> [Required action] Repeat the whole listing word for word, skipping pictures.

> [Raw data]

*** Block opens ***

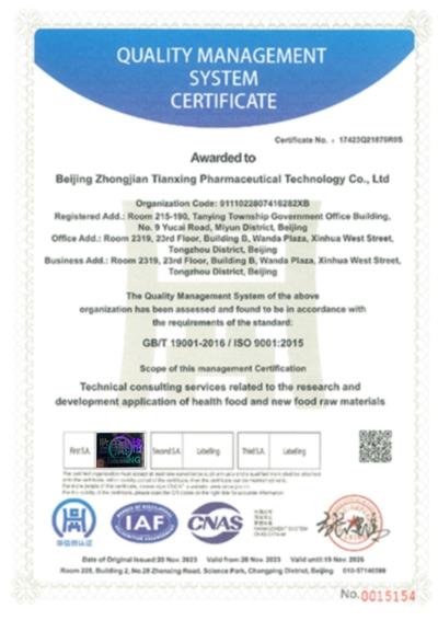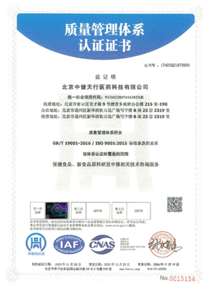 近日,ISO9001質(zhì)量管理體系認證審核組蒞臨北京中健天行醫(yī)藥科技有限公司,對我司進行了ISO9001質(zhì)量管理體系的年度監(jiān)督審核工作。此次評審旨在進一步確認我司在質(zhì)量管理方面的持續(xù)改進和符合性,確保我司的產(chǎn)品研發(fā)申報服務(wù)與管理體系達到國際標(biāo)準(zhǔn)要求。
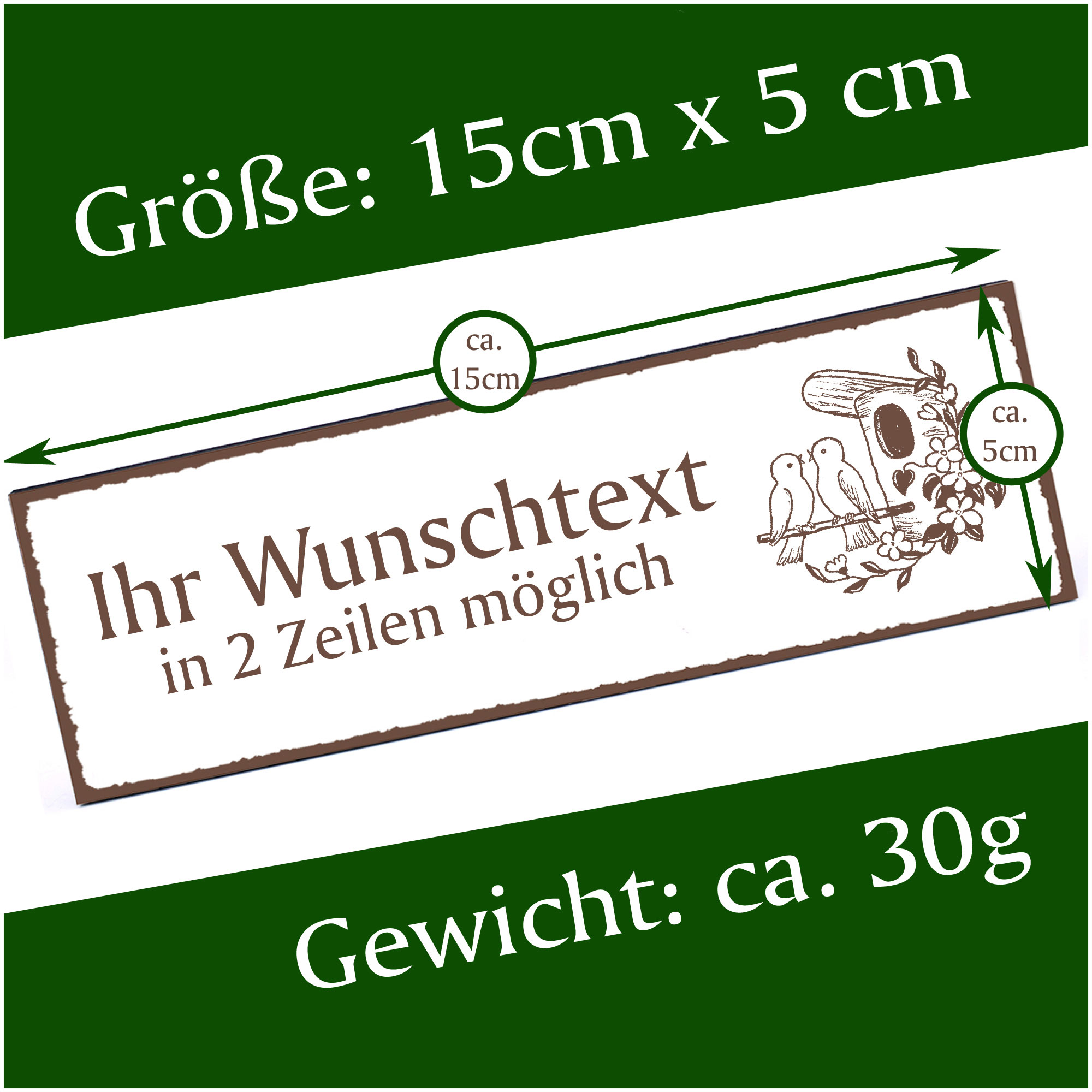 Türschild Vogelhaus mit Vögeln Namensschild personalisiert mit Gravur - 150mm x 50mm - selbstkleben
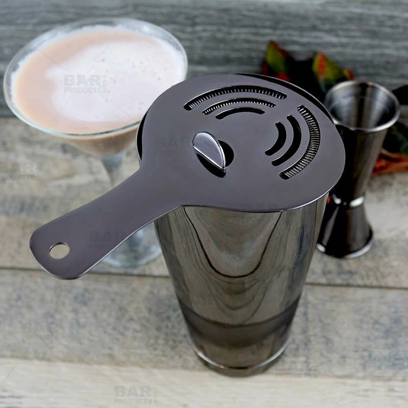 Choosing the right cocktail strainer to suit your mixology needs can be overwhelming with all of the different options out there. Which is why this industry standard hawthorne strainer should definitely be considered. The professional stainless steel design with stunning, reflective gun metal plating is highly functional, long lasting and simply beautiful. The enhanced tight coils of this cocktail strainer will perfectly strain ice and other particles from your liquid libations while it is designed to fit all standard mixing tins and glasses. Not to mention, gun metal plated bar tools are highly trending in the bar industry these days. Not Dishwasher Safe.

*** Block closes ***

> [Exercise output]
 近日,ISO9001質(zhì)量管理體系認證審核組蒞臨北京中健天行醫(yī)藥科技有限公司,對我司進行了ISO9001質(zhì)量管理體系的年度監(jiān)督審核工作。此次評審旨在進一步確認我司在質(zhì)量管理方面的持續(xù)改進和符合性,確保我司的產(chǎn)品研發(fā)申報服務(wù)與管理體系達到國際標(biāo)準(zhǔn)要求。
 Türschild Vogelhaus mit Vögeln Namensschild personalisiert mit Gravur - 150mm x 50mm - selbstkleben
 Choosing the right cocktail strainer to suit your mixology needs can be overwhelming with all of the different options out there. Which is why this industry standard hawthorne strainer should definitely be considered. The professional stainless steel design with stunning, reflective gun metal plating is highly functional, long lasting and simply beautiful. The enhanced tight coils of this cocktail strainer will perfectly strain ice and other particles from your liquid libations while it is designed to fit all standard mixing tins and glasses. Not to mention, gun metal plated bar tools are highly trending in the bar industry these days. Not Dishwasher Safe.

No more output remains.